Conocemos la existencia de neurotransmisores y por ejemplo la implicación de la oxitocina en la bioquímica del enamoramiento. Nuestro limitado conocimiento de la complejidad de funciones, como son los sentimientos etc. que hace nuestro cerebro, nos sitúa lejos de la ficción de volcar una mente en una computadora o que esta pueda emular un cerebro. No podemos ni siquiera explicar porque nuestro cerebro tiene unas cualidades tan únicas dentro del reino animal. No es por número de neuronas ya que el elefante o la ballena nos superan en más del doble. Tampoco es cierta la falacia de que solamente utilizamos un 10% de nuestro cerebro.

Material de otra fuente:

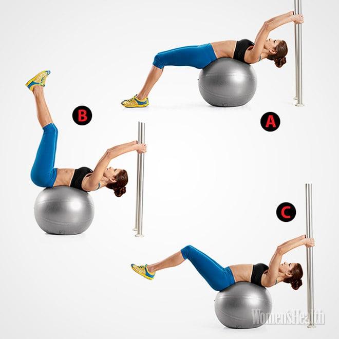 - 1. Упражнение лежа на фитболе, ноги на скамье
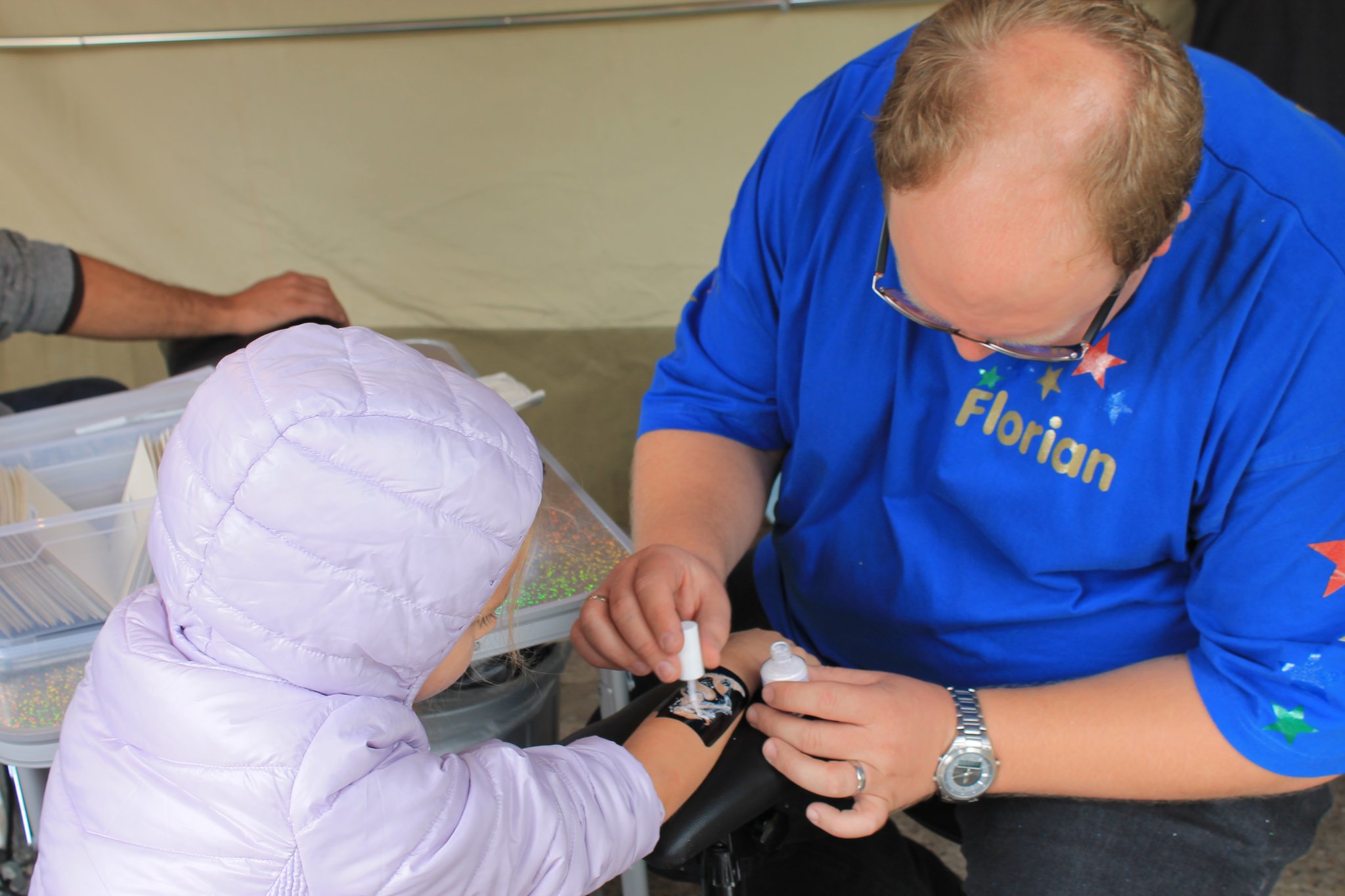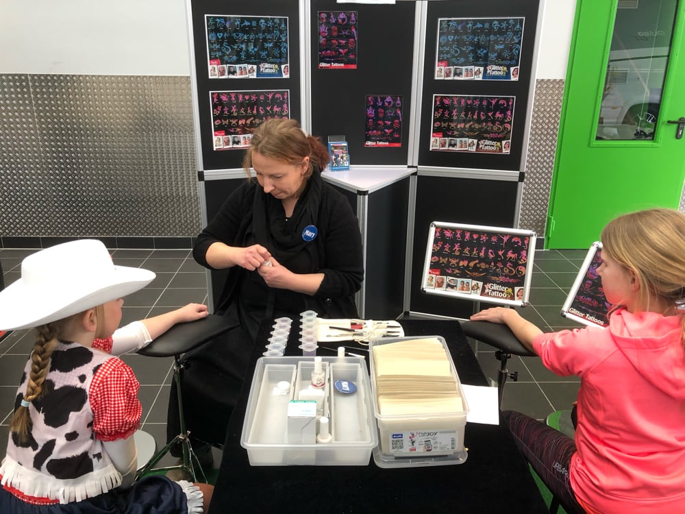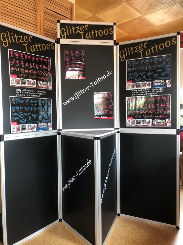 Wir kommen mit unserem Glitzer Tattoo Stand gerne zu Ihnen, dafür benötigen wir eine Standfläche von ca. 3x4 Metern.

La Neurocirugía utiliza ya algunos interfaces entre registro de actividad cerebral y estímulos generados por un dispositivo artificial, principalmente en epilepsias resistentes para abortar las crisis y también en la enfermedad de Parkinson para optimizar los parámetros de estimulación que controlan los síntomas de esta enfermedad.

La robótica aplicada a la Neurocirugía, como exponente de tecnología computacional, ha desplazado las guías estereotáxicas, por su mayor precisión y versatilidad, para la colocación de electrodos en el cerebro para tratar enfermedades como epilepsia, enfermedad de Parkinson, trastornos obsesivo-compulsivos y depresión. Pero también para efectuar ablaciones de tumores o focos generadores de crisis epilépticas mediante laser o radiofrecuencia.

La realidad aumentada nos permite proyectar sobre el cerebro los detalles de su estructura interna, obtenida por resonancia magnética y tractografía, de forma que vemos donde se hallan los fascículos neuronales de interés y así evitar su manipulación.

Los sistemas de navegación intraoperatoria han convertido la cirugía cerebral en más segura y más efectiva para la eliminación de tumores y otras lesiones, ya que se actualizan con la adquisición de datos obtenidos en el propio quirófano en el momento preciso que se hace necesario, mediante imágenes de RM, tomografía computarizada, ecografía, fluorescencia y también mediante registros funcionales de la actividad cerebral que buscamos preservar, incluso el lenguaje despertando momentáneamente al paciente.

Disponemos de muchos avances tecnológicos, pero estamos lejos de que un computador simule un cerebro humano, tendremos que ver aparecer en primer lugar sistemas capaces de interactuar con el cerebro para suplir funciones muy concretas y parciales de su funcionamiento.